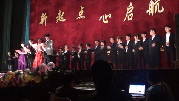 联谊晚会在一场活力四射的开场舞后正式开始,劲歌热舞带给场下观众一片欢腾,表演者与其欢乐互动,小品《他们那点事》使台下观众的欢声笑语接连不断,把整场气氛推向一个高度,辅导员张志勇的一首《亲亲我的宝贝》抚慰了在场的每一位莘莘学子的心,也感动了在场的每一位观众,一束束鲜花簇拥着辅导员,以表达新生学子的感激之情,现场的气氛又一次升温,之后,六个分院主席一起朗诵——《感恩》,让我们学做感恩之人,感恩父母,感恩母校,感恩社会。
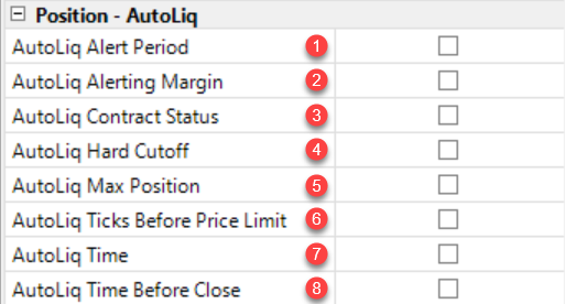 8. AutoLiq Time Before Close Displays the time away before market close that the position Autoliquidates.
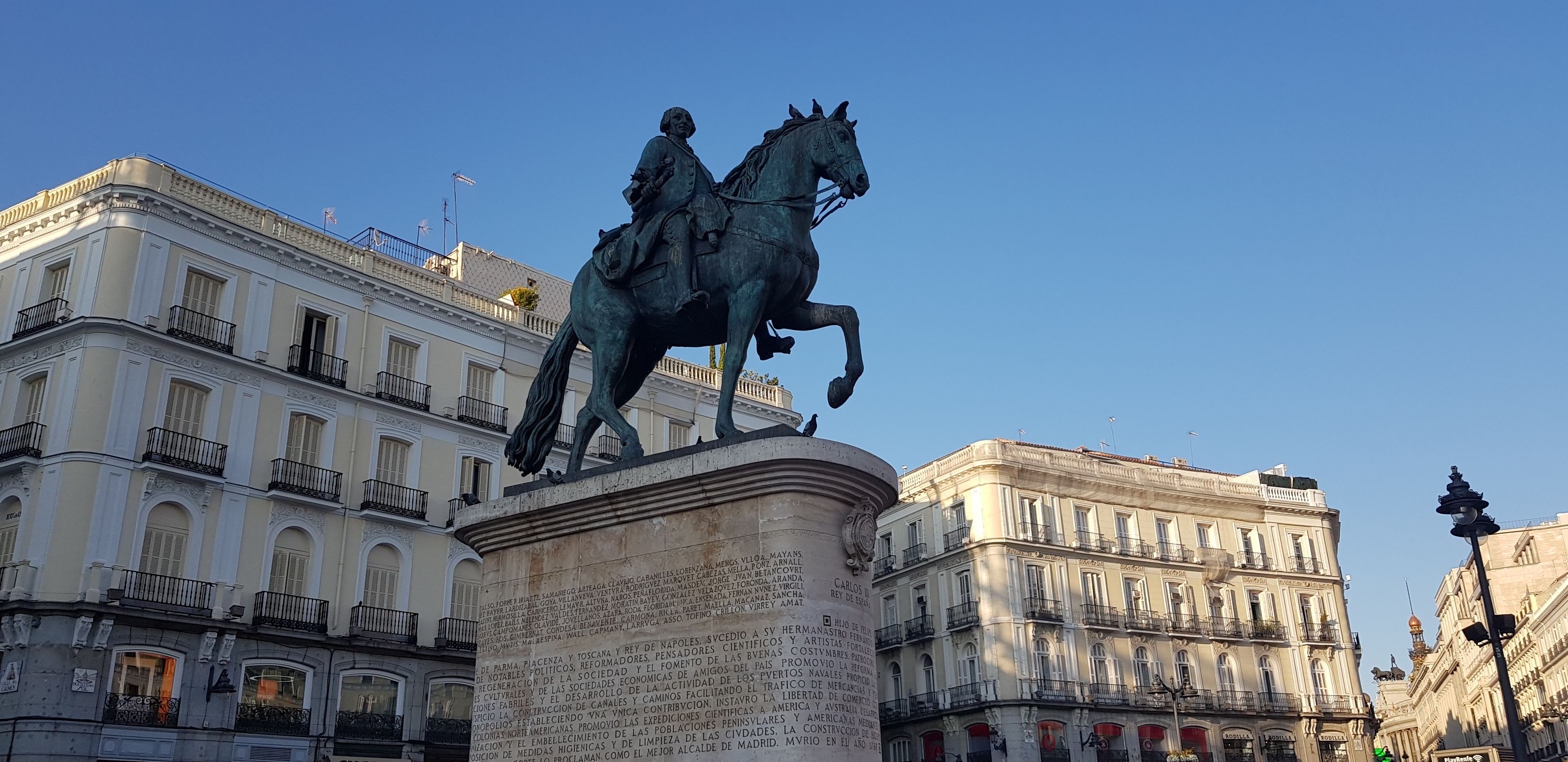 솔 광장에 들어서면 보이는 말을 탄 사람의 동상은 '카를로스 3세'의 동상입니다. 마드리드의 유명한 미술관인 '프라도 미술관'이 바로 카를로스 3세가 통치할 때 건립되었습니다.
+ + + + + + +
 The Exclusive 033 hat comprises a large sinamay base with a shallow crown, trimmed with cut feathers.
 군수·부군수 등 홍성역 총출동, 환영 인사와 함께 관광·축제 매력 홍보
+ + + + + + +
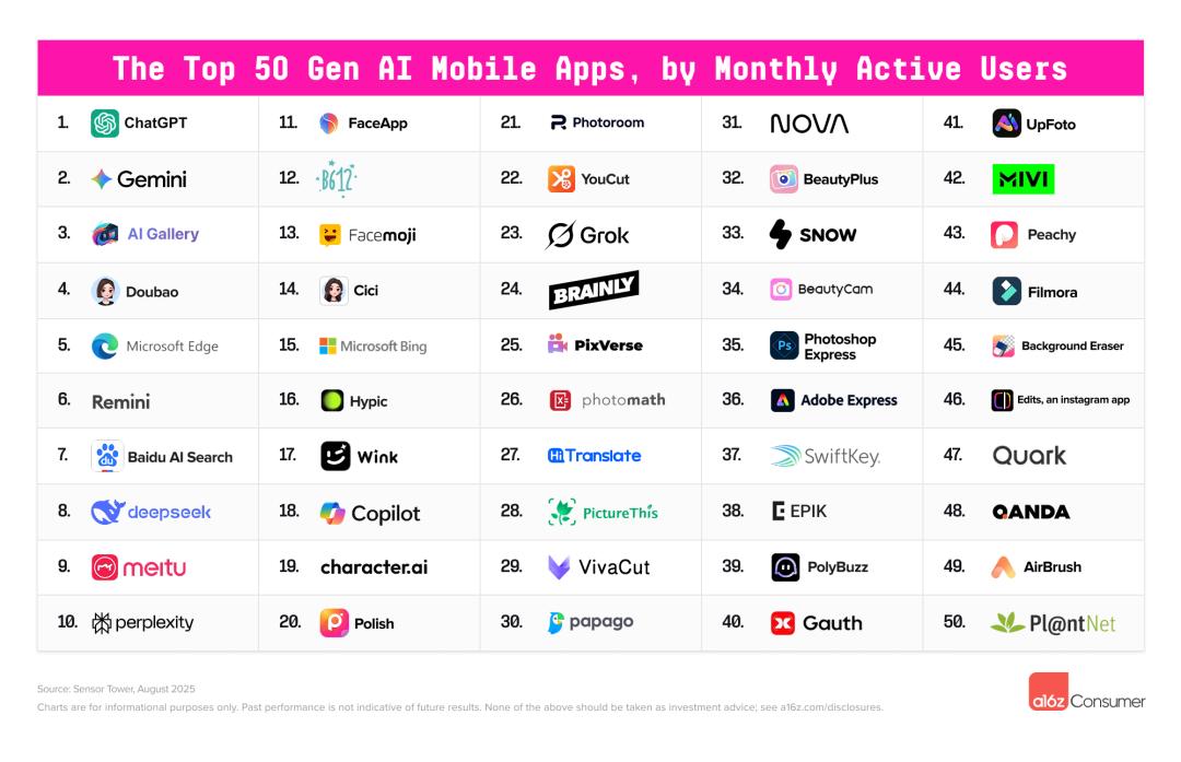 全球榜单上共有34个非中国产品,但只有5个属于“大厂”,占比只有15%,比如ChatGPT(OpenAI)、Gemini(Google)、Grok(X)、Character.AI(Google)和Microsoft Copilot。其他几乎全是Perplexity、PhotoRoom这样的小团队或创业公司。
+ + + + + + +
== AIM OF THE TASK ==
Write out only the lines that run from the line containing "The Exclusive 033" through the line containing "군수·부군수 등 홍성역 총출동, 환영 인사와 함께 관광·축제 매력 홍보", both included, exactly as they appear above.

== ANSWER SECTION ==
 The Exclusive 033 hat comprises a large sinamay base with a shallow crown, trimmed with cut feathers.
 군수·부군수 등 홍성역 총출동, 환영 인사와 함께 관광·축제 매력 홍보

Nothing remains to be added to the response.